Early encryption AI projects were often combined with distributed physical infrastructure (DePIN), primarily focusing on using decentralized data to train AI in order to avoid control by a single entity. However, this model faces challenges in attracting new users and has failed to achieve the desired product-market fit.
The emergence of AI Agents has brought new vitality to this field. Compared to the infrastructure-oriented DePIN+AI model, AI Agents focus more on the application layer, making it easier for users to understand and accept, thereby demonstrating better product-market fit.

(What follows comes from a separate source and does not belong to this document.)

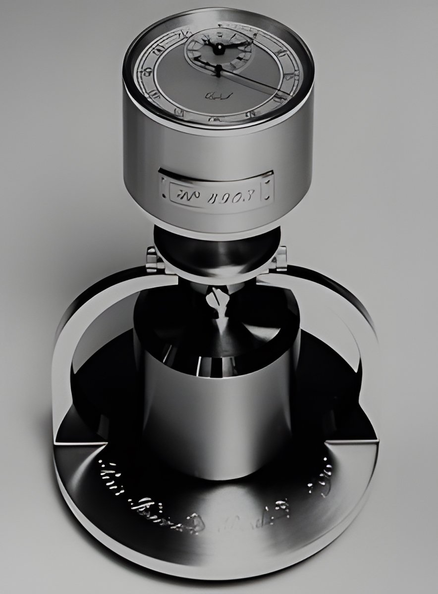 A replica of a unique timepiece: a ship’s chronometer built in 1796 by Swiss master watchmaker Ferdinand Berthoud. Dial with off-centred hour and minute hands and centre seconds hand. Case in polished steel and brass, faithful reproduction of the original gimbal suspension, with counterweight. It is fitted with an Imhof 4-MHz quartz movement having earned an official Chronometer Certificate. The original of this admirable timepiece is in La Chaux-de-Fonds’s International Watchmaking Museum. (IMHOF)

The Development Stages of AI Agents in the Crypto Assets Field
Phase 1: Meme Driven
In the early stages, AI agents mainly appeared in the form of meme coins. This phase is characterized by a high degree of inclusivity and experimentation, providing fertile ground for the development of AI agents. Some early projects had their main functions limited to simple applications like automatic posting on social media.
Phase Two: Feature Exploration
As time goes by, AI agents begin to explore more substantive application scenarios. This includes services that are more aligned with the needs of Crypto Assets users, such as content production, investment analysis, and fund management. At this stage, AI agents gradually distinguish themselves from pure meme coins, forming an independent track.

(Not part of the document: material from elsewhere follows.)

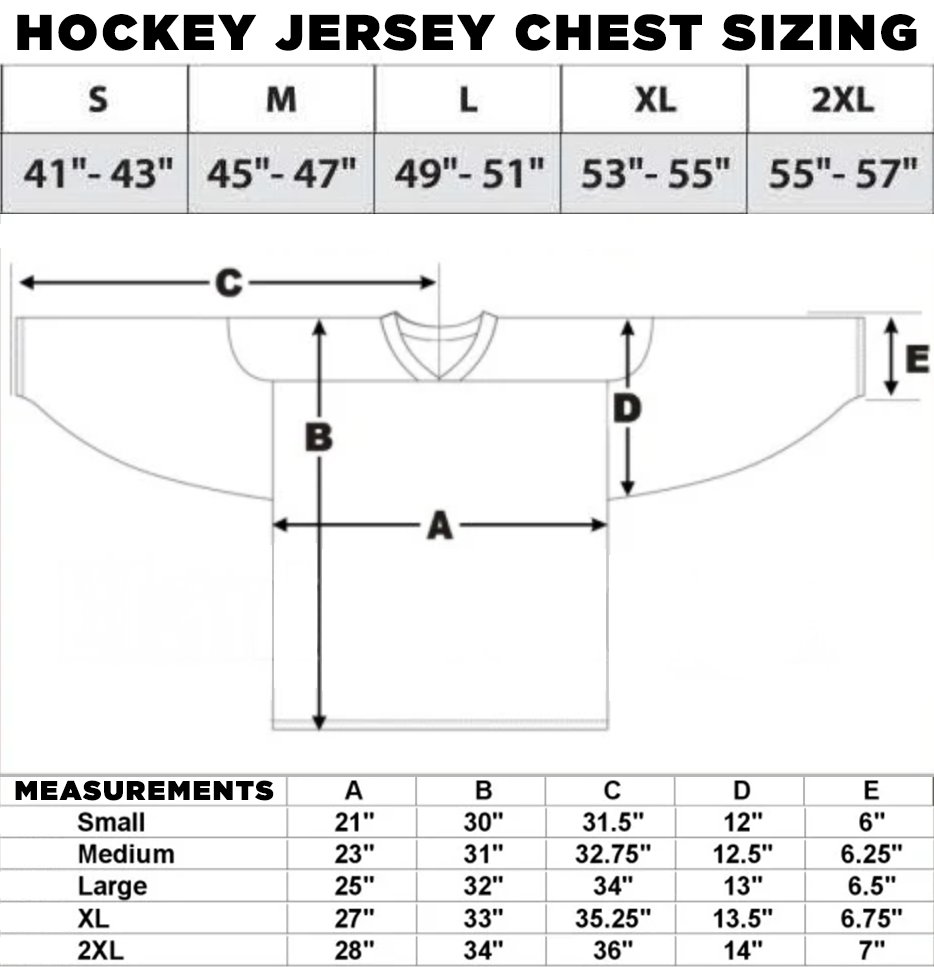 These are high-quality, real NHL-style game jerseys made with 100% Polyester Heavyweight Air-Knit Fabric, Sewn-In Body & Sleeve Stripe, Double-Reinforced Shoulders & Elbows, Lace-Up Neck with Underlay, and of course -- The Bombargo Team Logo!

Phase Three: Ecological Collaboration
AI agents are beginning to seek collaboration between projects to build a stronger ecosystem. This stage emphasizes interoperability and the expansion of ecological networks, exploring synergies with other Crypto Assets projects or protocols. To achieve efficient collaboration, the industry is starting to establish standardized frameworks to simplify the development process of AI agents.
Phase 4: Entering Fund Management
AI agents are beginning to venture into more complex financial areas, such as fund management, at this stage. This not only requires providing investment advice and generating reports but also includes advanced functions such as strategy design, dynamic adjustments, and market forecasting. As traditional financial capital flows into the crypto market, the advantages of AI agents in terms of automation and efficiency are becoming increasingly evident.
Future Outlook: Reshaping Agency Economics
Currently, most Crypto Assets AI agents have not yet delved into daily applications. Future developments may redefine the token economic relationships between distributors, platforms, and agent providers, creating an entirely new ecosystem. This process may resemble the evolution of the internet economy, such as the rise of super applications.
In this new phase, AI agents may evolve into super app gateways, integrating various platform economies and managing a large number of independent agents. This will further break down traditional application silos, creating a more interconnected and efficient Crypto Assets ecosystem.
With the continuous advancement of technology and the maturation of the market, the application prospects of AI agents in the Crypto Assets field are broad. However, achieving true product-market fit will still require time and ongoing innovation. In the future, projects that can accurately grasp user needs and provide substantial value will stand out in this rapidly evolving field.